- Theatrical release poster by Frank Frazetta
- Directed by: Peter Glenville
- Written by: Jean-Claude Carrière Peter Glenville
- Based on: L'Hôtel du libre échange 1894 play by Georges Feydeau Maurice Desvallières
- Produced by: Peter Glenville, Pierre Jourdan
- Starring: Alec Guinness Gina Lollobrigida Robert Morley
- Cinematography: Henri Decaë
- Edited by: Anne V. Coates
- Music by: Laurence Rosenthal
- Distributed by: Metro-Goldwyn-Mayer
- Release date: 14 October 1966 (New York City);
- Running time: 98 minutes
- Country: United Kingdom
- Language: English

= Hotel Paradiso (film) =

Hotel Paradiso is a 1966 British comedy film directed by Peter Glenville and starring Alec Guinness, Gina Lollobrigida and Robert Morley. It was written by Jean-Claude Carrière and Glenville based on the 1894 play L'Hôtel du libre échange by Maurice Desvallières and Georges Feydeau. It was released by Metro-Goldwyn-Mayer in Panavision.

Alec Guinness reprised the role he had played in the London West End theatre production of Hotel Paradiso, which opened at the Winter Garden Theatre, Drury Lane, London on 2 May 1956. Douglas Byng also reprised his part from the stage play.

==Plot==
Playwright Monsieur Feydeau is staying in the Parisian Hotel Paradiso. He needs to write a new play, but has writer's block. He takes the opportunity to observe his fellow guests: Monsieur Boniface, henpecked by his domineering wife, and Marcelle, the beautiful but neglected wife of Henri, a building inspector. Henri is sent to the hotel to investigate rumours of ghosts (which turn out to be caused by drains). However, the hotel is the trysting place of Marcelle and Boniface, who are having an affair. Family friend Martin shows up with his little daughters, but there isn't enough room at Boniface's place for the entire family. Martin overhears the name of the hotel, and checks in with them there.

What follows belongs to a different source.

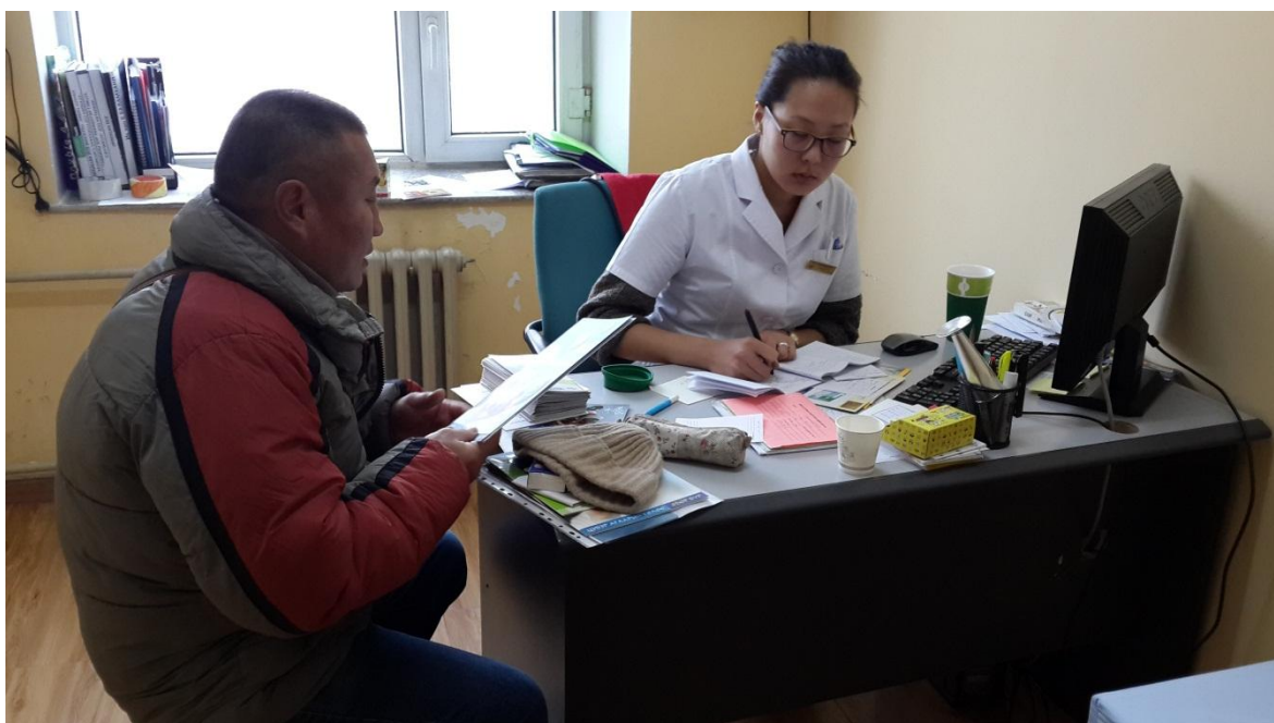
Зураг 8: БГД-ийн 22-р хорооны өрхийн эмнэлэгийн өдөрлөг

In the somewhat rundown 'by-the-hour' hotel, there are two husbands and one wife, plus Henri's nephew and Boniface's maid, who are also having an affair. The little girls, responding to a "spooky" atmosphere in their room, sing a chant about witches while waving bedsheets, frightening Henri and other guests into thinking the ghost rumor is true. Marcelle and Boniface's affair is severely compromised (not least by a police raid). All these events provide Feydeau with the material for his play, which becomes the succès fou of the next season.

==Cast==
- Alec Guinness as Benedict Boniface
- Gina Lollobrigida as Marcelle Cotte
- Robert Morley as Henri Cotte
- David Battley as George
- Ann Beach as Victoire
- Marie Bell as la Grande Antoinette
- Douglas Byng as Mr. Martin
- Derek Fowlds as Maxime
- Eddra Gale as Guest
- Peter Glenville as the playwright
- Robertson Hare as the Duke
- Darío Moreno as the Turk
- Peggy Mount as Angelique Boniface
- Leonard Rossiter as the Inspector
- Akim Tamiroff as Anniello

== Critical reception ==
David McGillivray wrote in The Monthly Film Bulletin: "The decor is eye-catching, Decaé's photography crystal-clear, and Alec Guinness plays with nostalgic charm the sort of knockabout he grew out of in the Fifties. ... The farce has been diluted into light comedy and, apart from one sequence in which the entire clientele of the charge up and down the corridors like steam trains, the emphasis is set squarely on repetitive prowling and hiding. Some idea of the pace can be gained from the fact that forty minutes pass before the first pair of doors opens simultaneously."

Writing for The New York Times, Thomas Lask said "essentially, 'Hotel Paradiso' is a bedroom farce in the old tradition, and the picture is based on a frothy example of the genre by a master, Georges Feydeau, who worked with Maurice Desvallieres on the play. That kind of exercise calls for a crispness, a propulsive energy that Mr. Glenville's film has only fitfully. The result is that the picture is charming when it should be brisk, amiable when it should be ridiculous." However, he praised the cast, particularly Guinness.

Editor Annr Cotes called it a "disaster film-wise".